Ritmi del tempo | Roberto Altmann

20 june 2009 | VIA  DI CITTà, 111 SIENA

 

20 june – 10 july  2009

 

Personal exhibition by Roberto Altmann “Ritmi del tempo”.

Roberto Altmann was born in 1961 in Sestri Levante (Genoa), where he still lives and works. He graduated from the School of Art and subsequently from the Academy of Fine Arts in Genoa, in the School of Painting. From the mid-eighties he began his exhibition activity with exhibitions in Italy, Switzerland, the Czech Republic, Holland, the United States and Venezuela. Over the course of his career he has created several live performances with music and theater, as well as canvases and frescoes for churches. The result currently achieved by the Ligurian artist can be considered as the summary of an entire research path that officially began in 1982 with an “expressionist” period, and then evolved in an abstract sense around 1985.

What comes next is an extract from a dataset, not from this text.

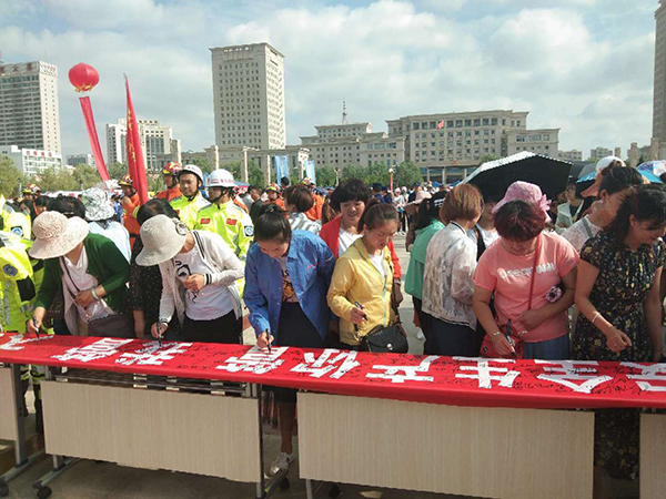 ? ??活動(dòng)現(xiàn)場(chǎng),群眾代表宣讀了安全生產(chǎn)倡議書;參加活動(dòng)的市領(lǐng)導(dǎo)還與全體人員共同開展了安全生產(chǎn)倡議千人簽字活動(dòng)
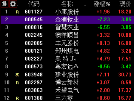 市场焦点股小康股份(7天6板)高开1.96%、金浦钛业低开7.23%、智慧农业低开6.55%,锂电池板块澳洋顺昌(3板)高开3.32%、丰元股份(2板)高开0.13%,煤炭板块郑州煤电(3板)高开4.82%,充电桩概念奥特迅高开4.79%,有色板块粤宏远A(2板)低开8.56%,化工板块建业股份(2板)高开7.11%,军工板块博云新材高开3.87%,光伏概念禾望电气高开2.00%,网络安全板块三六零高开0.60%。

Altmann draws his inspiration from classical or Renaissance modules to immerse his figures in contemporaneity. He only paints what “once was beautiful”, sometimes delicately, sometimes forcefully. Altmann’s painting recalls a certain expressionism with overflows into the informal, his sign is a dance of bodies, his vision of the event is aesthetic and enveloping. At first glance his canvases seem abstract, as expressionism becomes exaggerated and becomes destruction of the image, which is fragmented and dissolved. In Altmann we relive the spirit of a new “Renaissance”, where human centrality is highlighted no longer by the sumptuous presence of a body with magical anatomical measurements, but by the trouble that concerns contemporary man, creator and victim of all the contradictions, the disturbances and torments that fall upon him. In the large works, this circular and enveloping rhythm is evident, like that of a large mural fresco, intended to trigger in the observer the dismay of vertigo and a subtle sense of perdition, perhaps due to that absence of perspective against which to place the scene, which entrust a reference thought. On the occasion of the exhibition, a new series of paintings will be presented, conceived as constructions that create and fill physical and mental spaces, in which Michelangelo’s memories resurface, twisting bodies with a Renaissance flavour, scenes of battles where the figure of the horse becomes predominant; and the horse, an emblematic animal for the city of Siena, is precisely one of the central themes that characterizes the latest series of works.